START Provided data

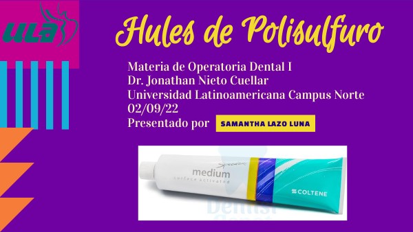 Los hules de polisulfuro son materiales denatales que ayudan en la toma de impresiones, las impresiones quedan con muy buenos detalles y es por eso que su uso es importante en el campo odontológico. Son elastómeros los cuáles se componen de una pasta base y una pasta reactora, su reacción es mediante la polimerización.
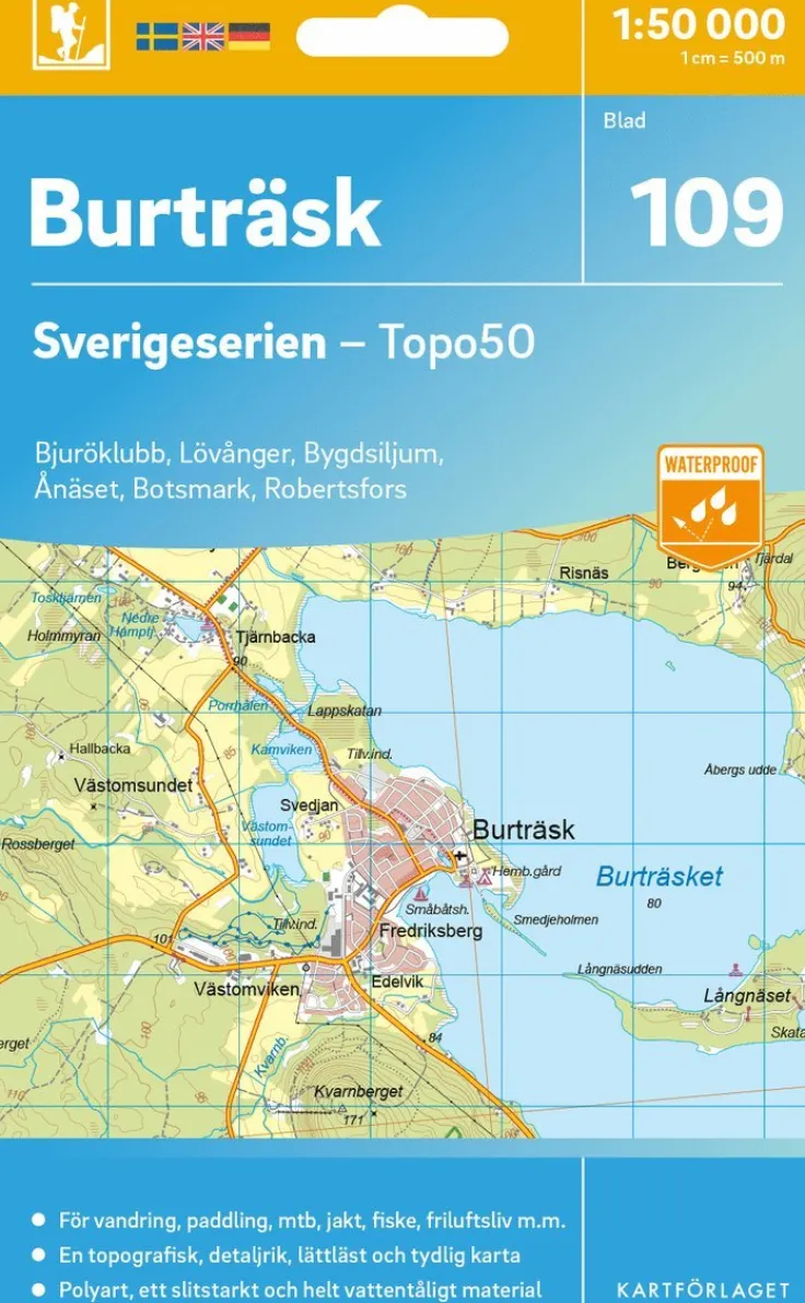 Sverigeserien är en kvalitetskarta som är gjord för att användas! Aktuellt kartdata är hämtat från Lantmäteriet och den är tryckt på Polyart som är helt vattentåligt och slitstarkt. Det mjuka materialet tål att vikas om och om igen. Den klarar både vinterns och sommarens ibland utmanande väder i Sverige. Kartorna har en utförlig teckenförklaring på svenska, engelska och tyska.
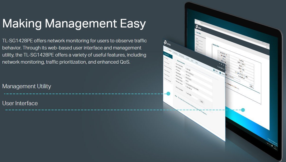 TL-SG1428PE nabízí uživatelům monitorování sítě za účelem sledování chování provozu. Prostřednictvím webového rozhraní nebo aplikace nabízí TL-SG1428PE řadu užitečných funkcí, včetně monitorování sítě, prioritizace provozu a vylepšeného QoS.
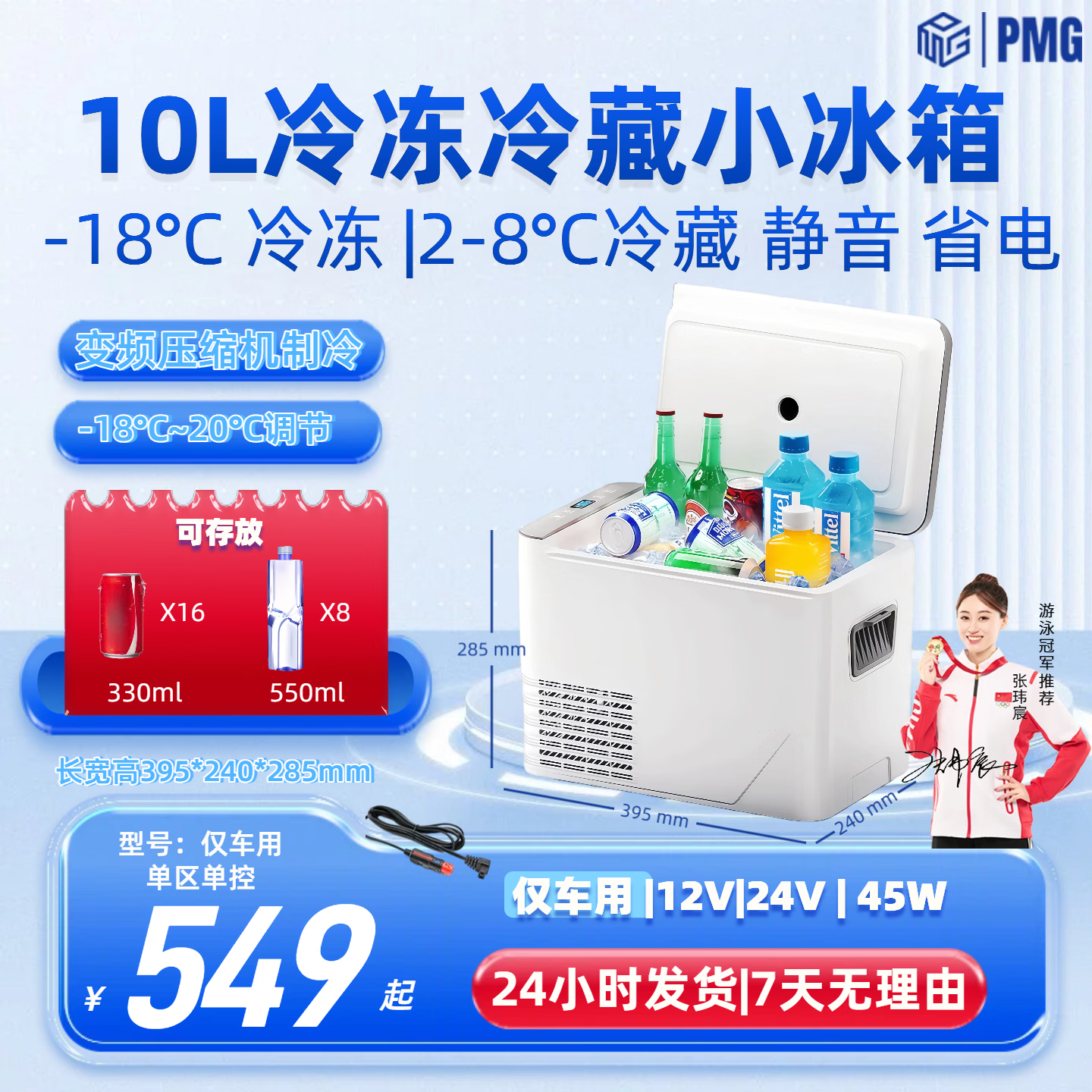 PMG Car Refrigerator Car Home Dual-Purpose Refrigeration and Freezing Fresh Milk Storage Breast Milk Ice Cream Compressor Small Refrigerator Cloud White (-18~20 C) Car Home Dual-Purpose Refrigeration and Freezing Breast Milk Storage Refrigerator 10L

END Provided data

Task prompt
Drop the pictures, then transcribe the lines from the one containing "TL-SG1428PE nabízí uživatelům" to the end of the data above, exactly and nothing more.

Reply
 TL-SG1428PE nabízí uživatelům monitorování sítě za účelem sledování chování provozu. Prostřednictvím webového rozhraní nebo aplikace nabízí TL-SG1428PE řadu užitečných funkcí, včetně monitorování sítě, prioritizace provozu a vylepšeného QoS.
 PMG Car Refrigerator Car Home Dual-Purpose Refrigeration and Freezing Fresh Milk Storage Breast Milk Ice Cream Compressor Small Refrigerator Cloud White (-18~20 C) Car Home Dual-Purpose Refrigeration and Freezing Breast Milk Storage Refrigerator 10L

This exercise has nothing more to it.